Het experiment met het persoonsgebonden budget (pgb) in de Zorgverzekeringswet wordt in zijn huidige vorm gestaakt. In een brief aan de Tweede Kamer schrijft minister Klink dat de pgb-regelingen “teveel tekortkomingen” kent. De minister volgt daarmee het advies van de NZa.
Ggz
In de Awbz kunnen verzekerden al geruime tijd zelf zorg inkopen met een eigen budget. Sinds vorig jaar was het ook mogelijk om een eigen budget aan te vragen voor behandelingen die onder de Zorgverzekeringswet vallen. De regeling was met name bedoeld voor cliënten in de geestelijke gezondheidszorg (ggz). Met een pgb zouden zij voortaan eerstelijns psychologische zorg, specialistische ggz en activerende begeleiding kunnen inkopen.
Prikkels
Vorig jaar november constateerde de Nederlandse Zorgautoriteit (NZa) al dat er zeer weinig gebruik werd gemaakt van dit pgb. In een half jaar tijd werden niet meer dan zeven aanvragen ingediend en toegekend. Volgens de NZa omdat het experiment niet aansluit bij “de prikkels die verzekeraars in een marktomgeving ervaren”.
Mislukking
Volgens de belangenvereniging van pgb-houders Per Saldo en het Landelijk Platform GGZ zijn de verzekeraars in belangrijke mate verantwoordelijk voor de mislukking.

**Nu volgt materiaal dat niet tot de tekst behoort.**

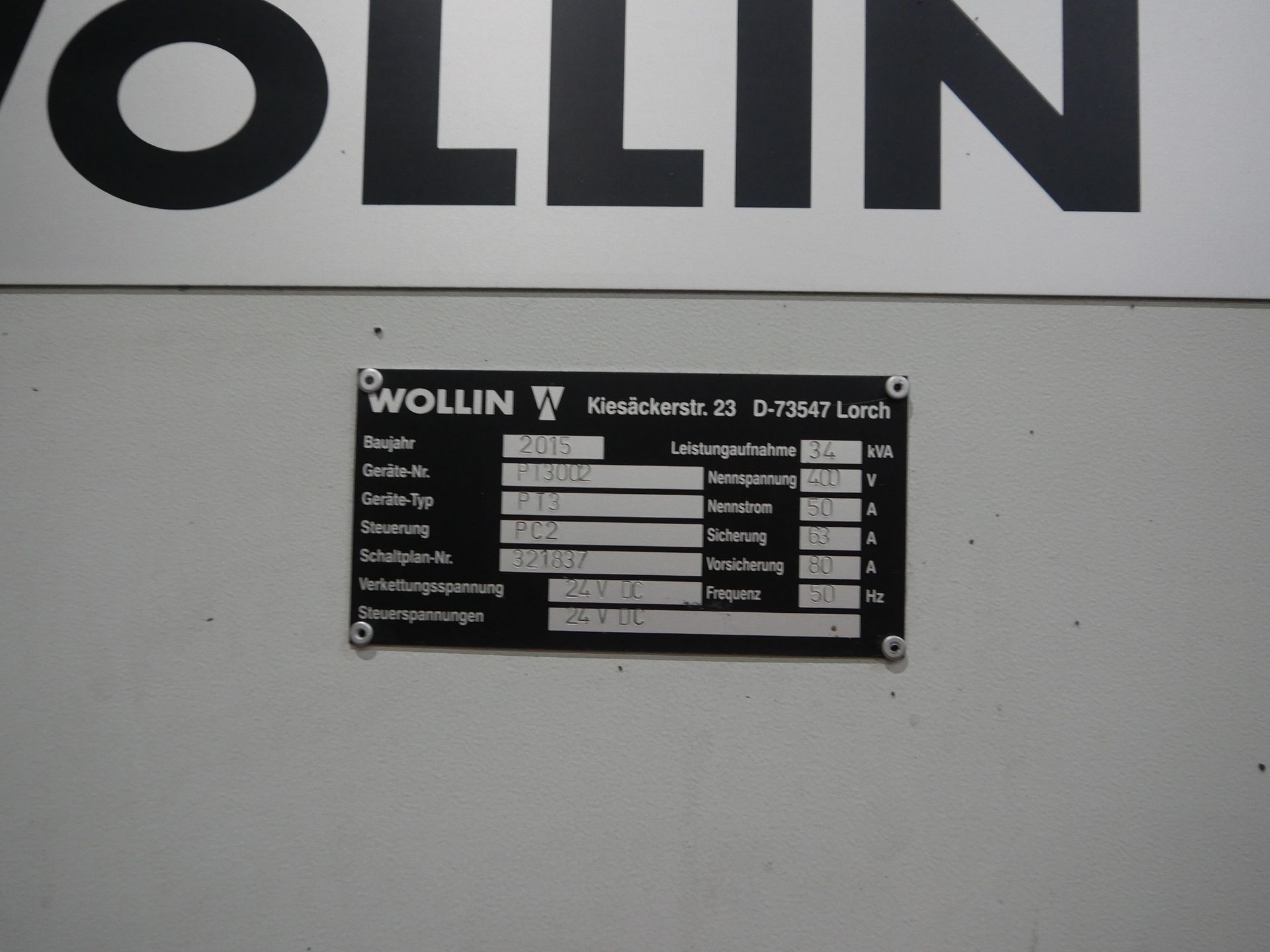 Description: Power consumption 34 kVA, Control, Mfg. Wollin, Type PC2

Ze gaven geen goede voorlichting aan hun klanten en stelden ingewikkelde voorwaarden aan het pgb, waardoor het voor mensen onaantrekkelijk werd er gebruik van te maken. “Het experiment is destijds slecht voorbereid, en het heeft ook geen kans gekregen”, reageert Directeur Aline Saers van Per Saldo in ggz-tijdschrift Psy.’
Vervolg
Minister Klink onderzoekt nu met Per Saldo en de zorgverzekeraars hoe het pgb in de Zorgverzekeringswet toch nog een vervolg kan krijgen. Per Saldo is nog altijd overtuigd van de toegevoegde waarde. “Met de overheveling van ggz-zorg naar de Zorgverzekeringswet dreigde de activerende begeleiding in het kader van behandeling te verdwijnen”, aldus Saers in Psy. “Juist daar heeft een pgb veel zin. Dan gaat het vaak om een-op-eenbegeleiding met als doel vaardigheden aan te leren, zoals weer onder de mensen komen, functioneren in groepen, omgaan met onverwachte situaties. Mensen kunnen zo weer zelfstandiger leven. Instellingen bieden deze individuele zorg vaak niet aan.”